5. Choledocholithiasis (Gallstones) –- When stones block the flow of bile from the ducts to the gallbladder, one might see orange urine being urinated due to the same reasons explained above in the case of biliary atresia or PSC. The stones may originate in the gallbladder but may also be transmitted to the bile ducts as well. The only way to clear the stones is to remove them surgically and it is a fairly minor surgery these days. The condition must be dealt with fast though, because the longer the stones remain in the system, the higher the chances of contracting other more serious diseases get.

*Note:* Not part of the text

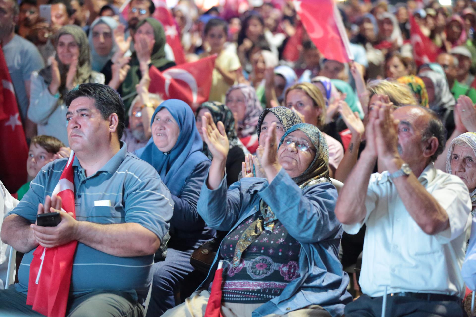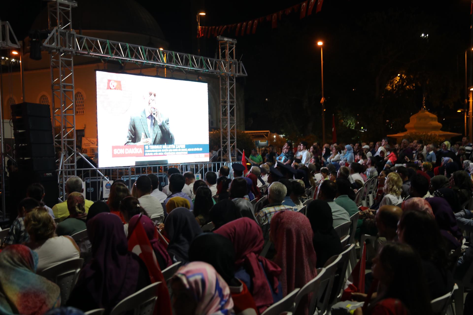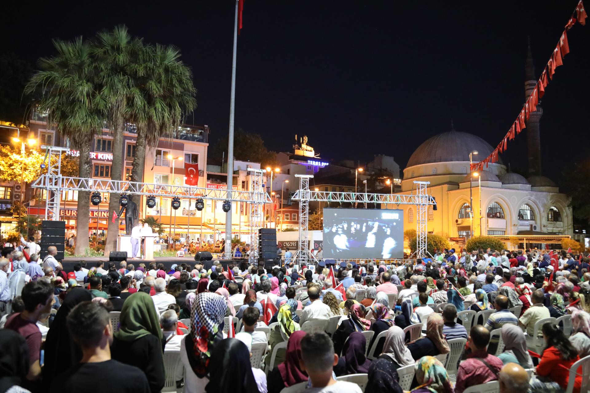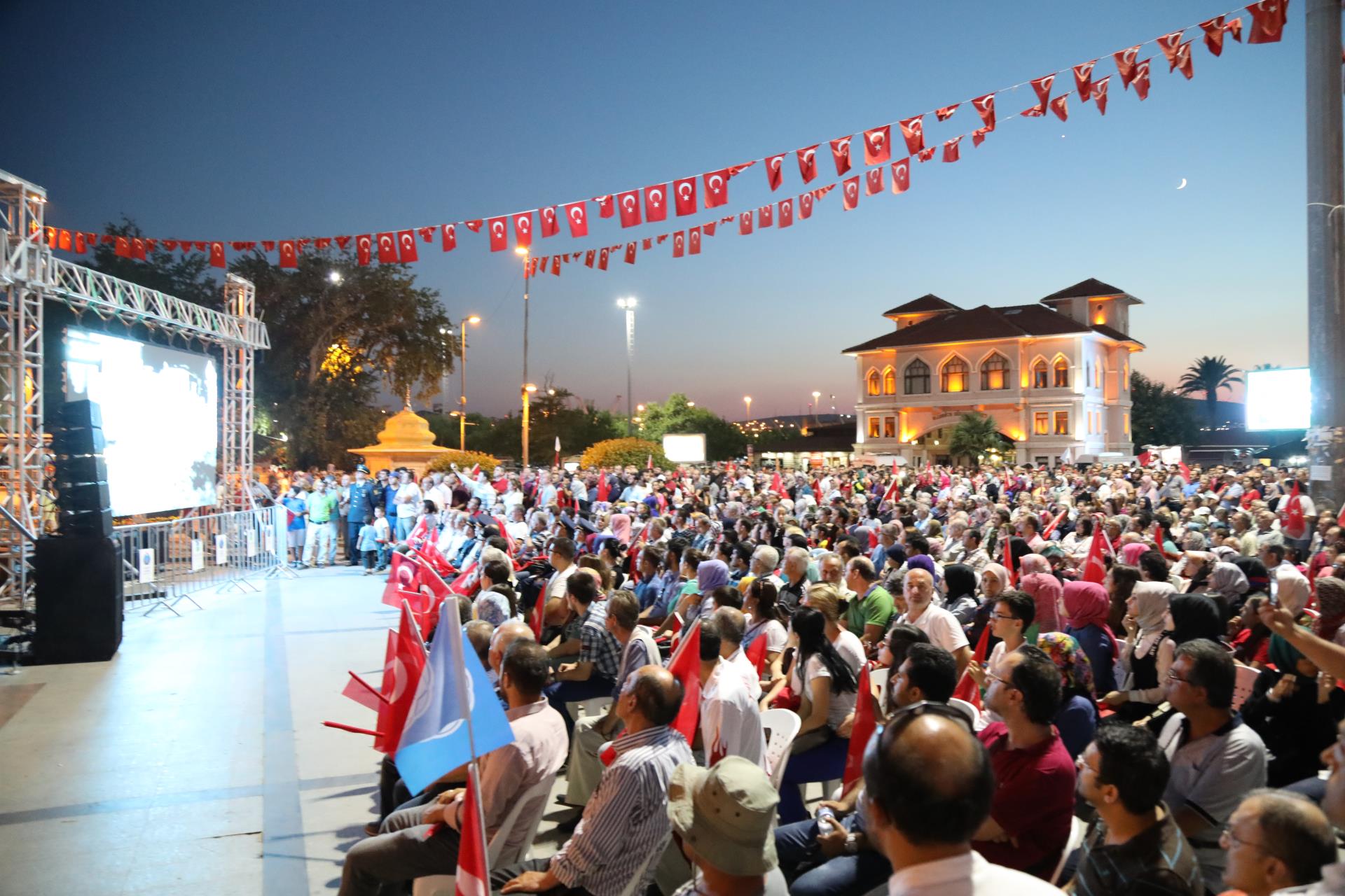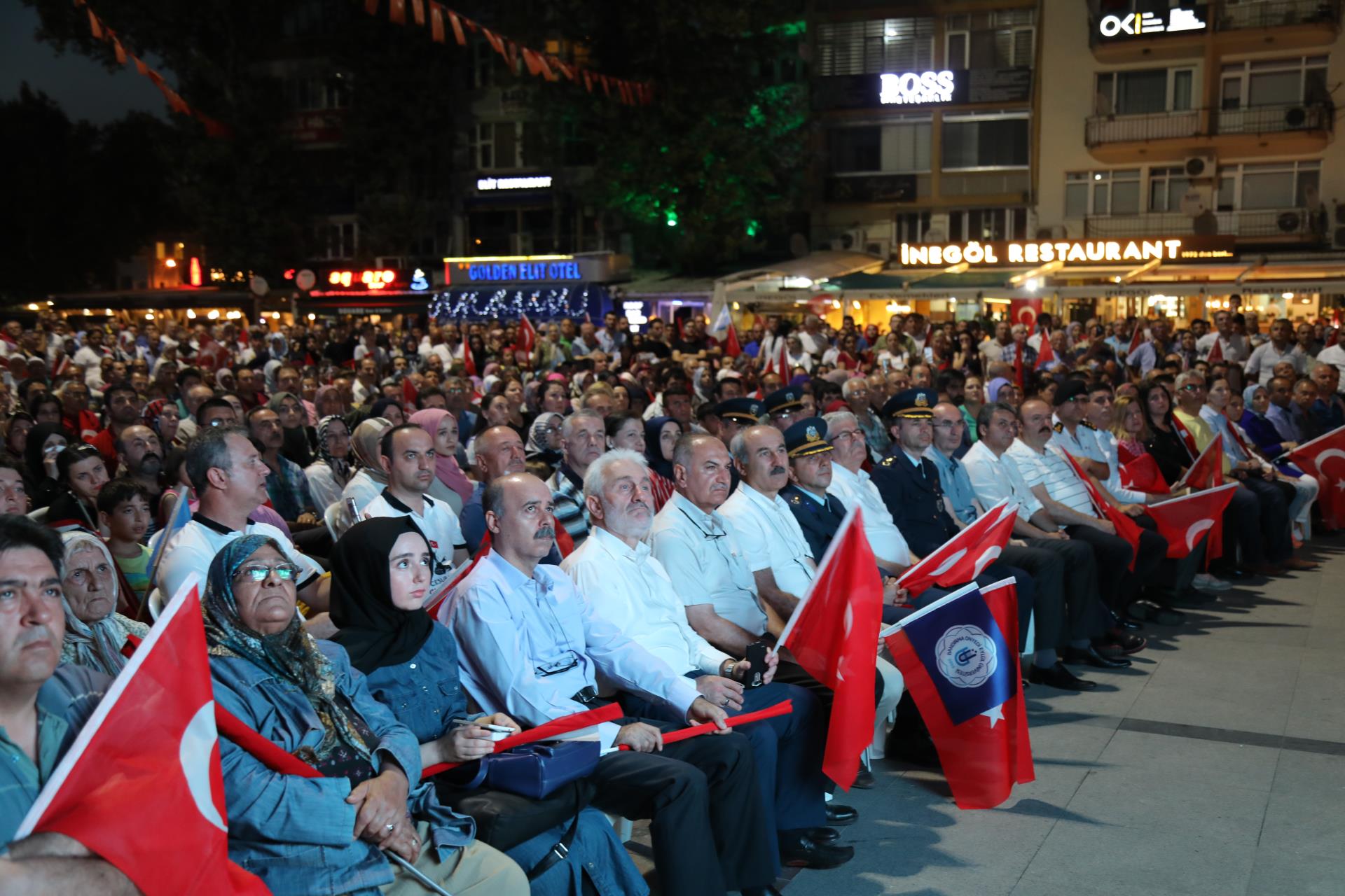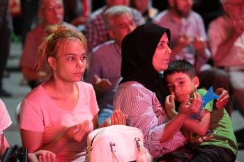 Saygı duruşu ve İstiklal Marşı’mızın okunması ile başlayan program sinevizyon gösterimleriyle devam etti. Belgesel ve sinevizyon gösterimleri esnasında izleyicilerin gözyaşlarına hakim olamadığı duygusal anlar yaşandı. Gecenin ilerleyen saatlerinde Cumhurbaşkanımız Recep Tayyip Erdoğan’ın yaptığı konuşma barkovizyon aracılığıyla katılımcılara izletildi. 15 Temmuz için yazılan marşların çalınması, şiirlerin okunması ve belgesel gösterimleriyle devam etti. Program 00.13’ te okunan selaların dinlenmesinin ardından Bandırma İlçe Müftüsü Süleyman Küçük’ün şehitlerimiz için yaptığı dua ile son buldu.

6. Hepatitis –- Although hepatitis A (acute) is the most common form, all sorts of hepatitis can turn one’s urine orange due to the way it affects the bile flow. Remember that while hepatitis A usually clears up within a time period of roughly three months, other forms of the disease, like hepatitis B is far more severe. Expect tremendous abdominal pain, nausea, fever, weakness, jaundice, discoloration of the stool and orange urine to be among the many signs and effects if someone is stricken with hepatitis. Rest and proper dieting is the key here, in addition to the medicines prescribed.
7. Other reasons -– On rare occasions, even blood in urine MAY give it an orange appearance (usually it’s red, dark or pink), but it is not likely. Other conditions that might cause urine to appear orange include renal cell cancer, prostate cancer, bladder cancer and prostatitis. Trauma to the liver may also cause one to exhibit symptoms similar to that of any of the liver diseases mentioned above, including orange urine.
While some of the reasons as to why orange urine might suddenly begin to appear are dangerous, the orange color in urine is usually a less dangerous sign, compared to hematuria/red urine. Even after admitting the fact that orange urine too can indicate cancers, it is seldom the case. However, it is advisory to consult a physician and get the person checked out as soon as possible to avoid further complications within the body.